**WHAT IS BEING ASKED**
In the entries below, find the line with "家の前で大きなブリを手際よく" and the line with "ZORRO佐罗正品纯铜砂轮防风煤油打火机二代眼睛标彩色蝴蝶玫瑰礼"; reproduce those two lines and all lines between them exactly, without pictures.

INFORMATION PROVIDED Start Marker

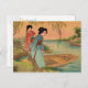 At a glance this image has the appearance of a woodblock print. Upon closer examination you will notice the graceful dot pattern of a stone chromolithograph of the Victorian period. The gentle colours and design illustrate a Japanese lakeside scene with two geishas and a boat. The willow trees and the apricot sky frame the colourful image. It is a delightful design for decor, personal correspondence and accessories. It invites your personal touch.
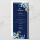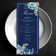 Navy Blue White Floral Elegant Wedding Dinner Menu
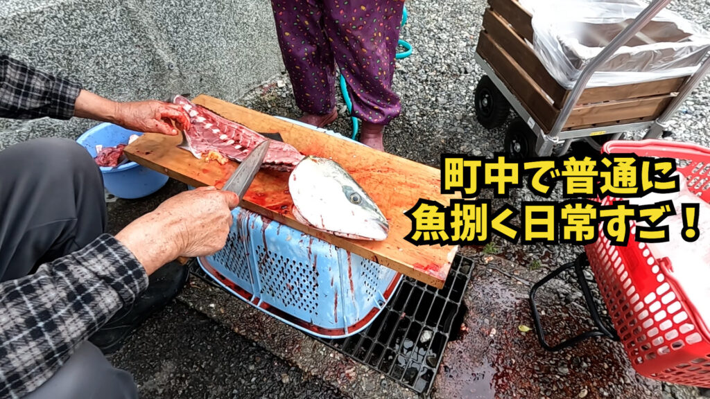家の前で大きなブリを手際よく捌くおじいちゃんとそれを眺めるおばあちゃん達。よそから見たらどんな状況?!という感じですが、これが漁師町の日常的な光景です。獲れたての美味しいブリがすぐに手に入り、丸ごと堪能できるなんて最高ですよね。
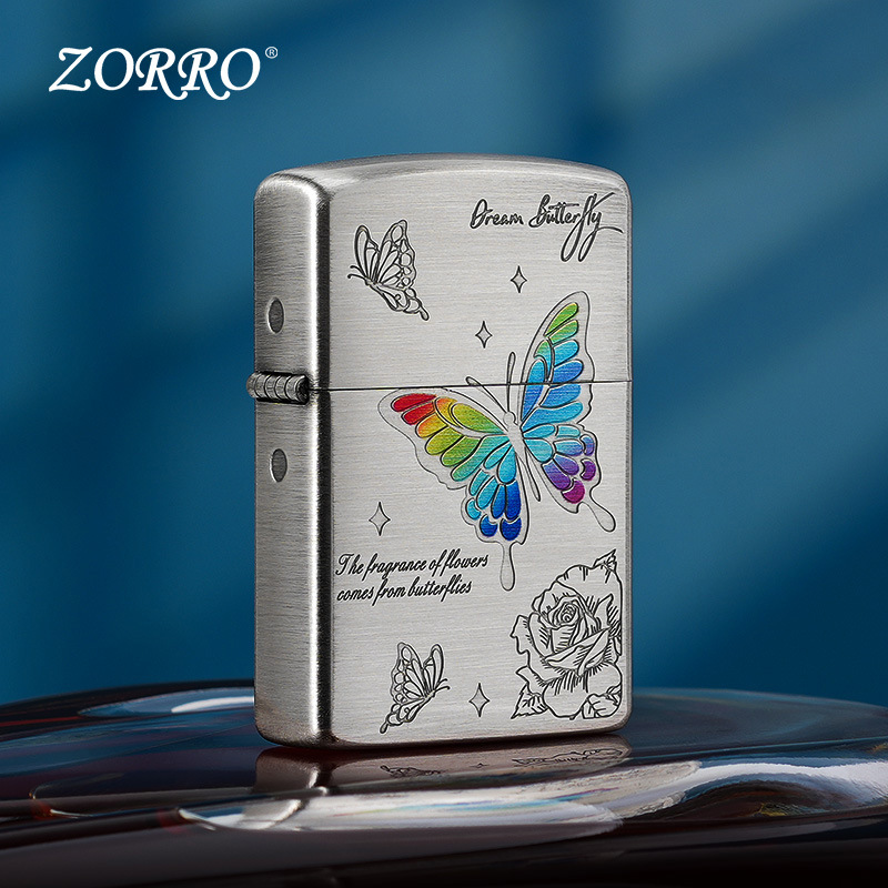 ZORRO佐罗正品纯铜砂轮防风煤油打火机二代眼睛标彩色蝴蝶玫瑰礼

INFORMATION PROVIDED End Marker
INFORMATION PROVIDED Start Marker

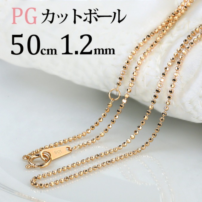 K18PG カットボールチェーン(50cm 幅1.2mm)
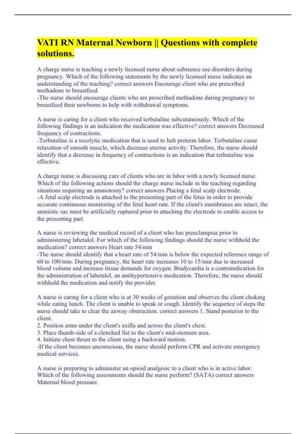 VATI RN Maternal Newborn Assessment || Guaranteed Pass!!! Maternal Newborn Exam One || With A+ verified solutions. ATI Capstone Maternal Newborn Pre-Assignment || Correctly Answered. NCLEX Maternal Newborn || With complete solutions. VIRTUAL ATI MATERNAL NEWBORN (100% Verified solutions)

INFORMATION PROVIDED End Marker

**RESULT**
家の前で大きなブリを手際よく捌くおじいちゃんとそれを眺めるおばあちゃん達。よそから見たらどんな状況?!という感じですが、これが漁師町の日常的な光景です。獲れたての美味しいブリがすぐに手に入り、丸ごと堪能できるなんて最高ですよね。
 ZORRO佐罗正品纯铜砂轮防风煤油打火机二代眼睛标彩色蝴蝶玫瑰礼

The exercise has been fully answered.